How to complete this task: The reply should consist solely of the lines from the one with "Bought in a" through the final line of the listing, copied exactly, with no pictures.

Information provided:

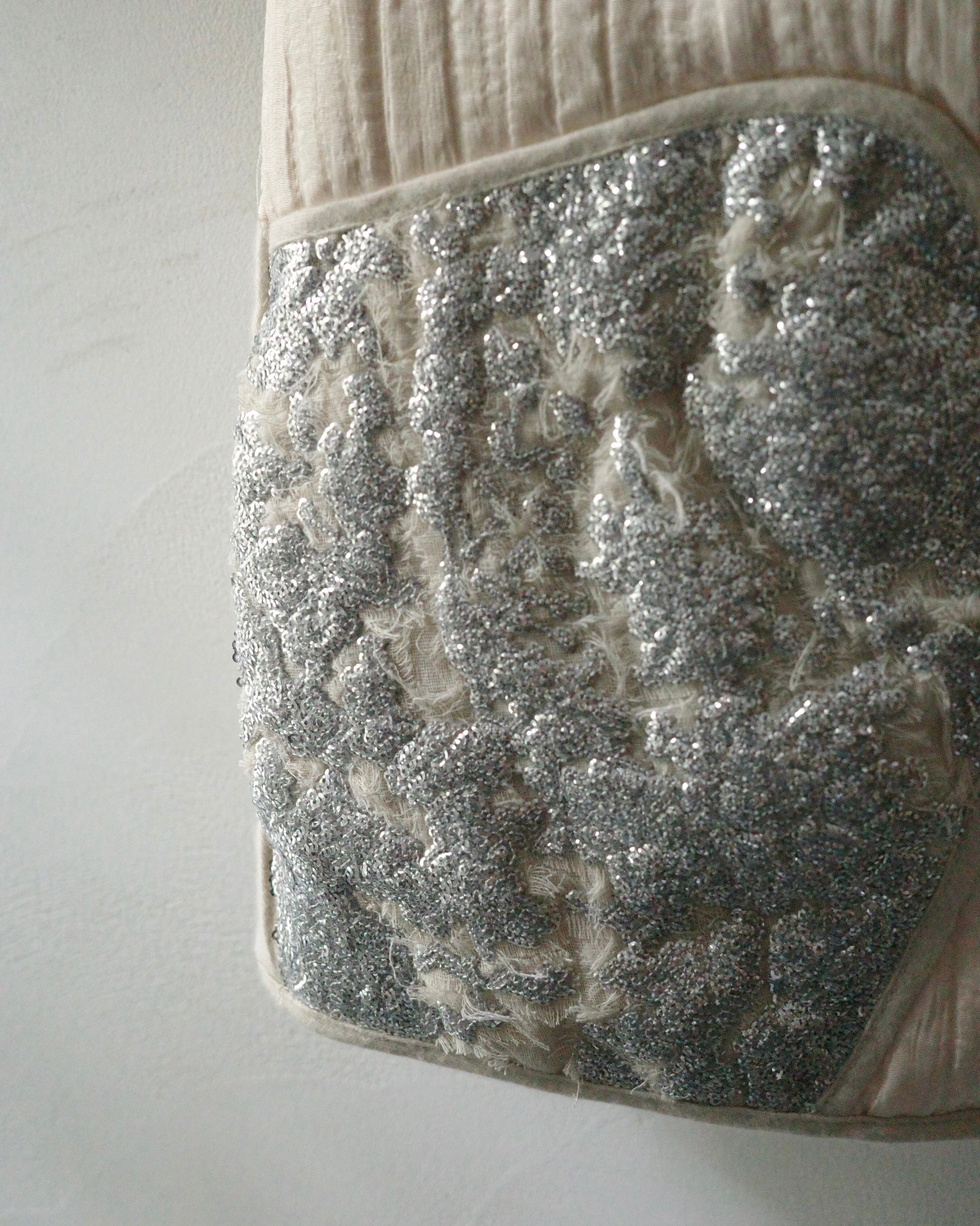 ・高密度に施した刺繍の余白をカットオフして起毛させることで、リッチさの中にラフなニュアンスを添えた表情豊かな刺繍素材
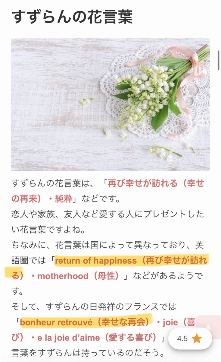 例のカレンダーのラッキーフラワーの花言葉を自己解釈 🚀…鈴蘭。「純粋」「母性」はまさに🚀。あとやっぱり外せないのは「再び幸せが訪れる」かな。彼女の「また明日!」にはきっとその意味が込められてる。「マリアの涙」も、大人🚀を彷彿として個人的にグッと来ます。
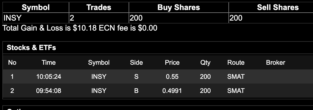 Bought in a little later into the morning spike for this stock, it wasn't initially on my watchlist so I missed a big chunk of the play/move. However, I did buy in on a super small position mainly because I wasn't sure how high it was going to reach so overall a par execution of about 10%. Did leave about .15 cents on the table as the stock did reach about .70 cents before pulling back late morning.
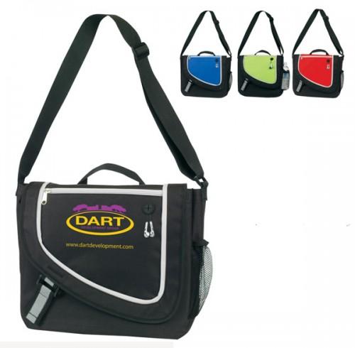 Front zipper pocket; Double pen pockets under flap; Velcro strap gusset closure; Ipod port; Side mesh pocket; Carry handle; Adjustable shoulder strap: 26 to 50 inches.

Solved exercise:
 Bought in a little later into the morning spike for this stock, it wasn't initially on my watchlist so I missed a big chunk of the play/move. However, I did buy in on a super small position mainly because I wasn't sure how high it was going to reach so overall a par execution of about 10%. Did leave about .15 cents on the table as the stock did reach about .70 cents before pulling back late morning.
 Front zipper pocket; Double pen pockets under flap; Velcro strap gusset closure; Ipod port; Side mesh pocket; Carry handle; Adjustable shoulder strap: 26 to 50 inches.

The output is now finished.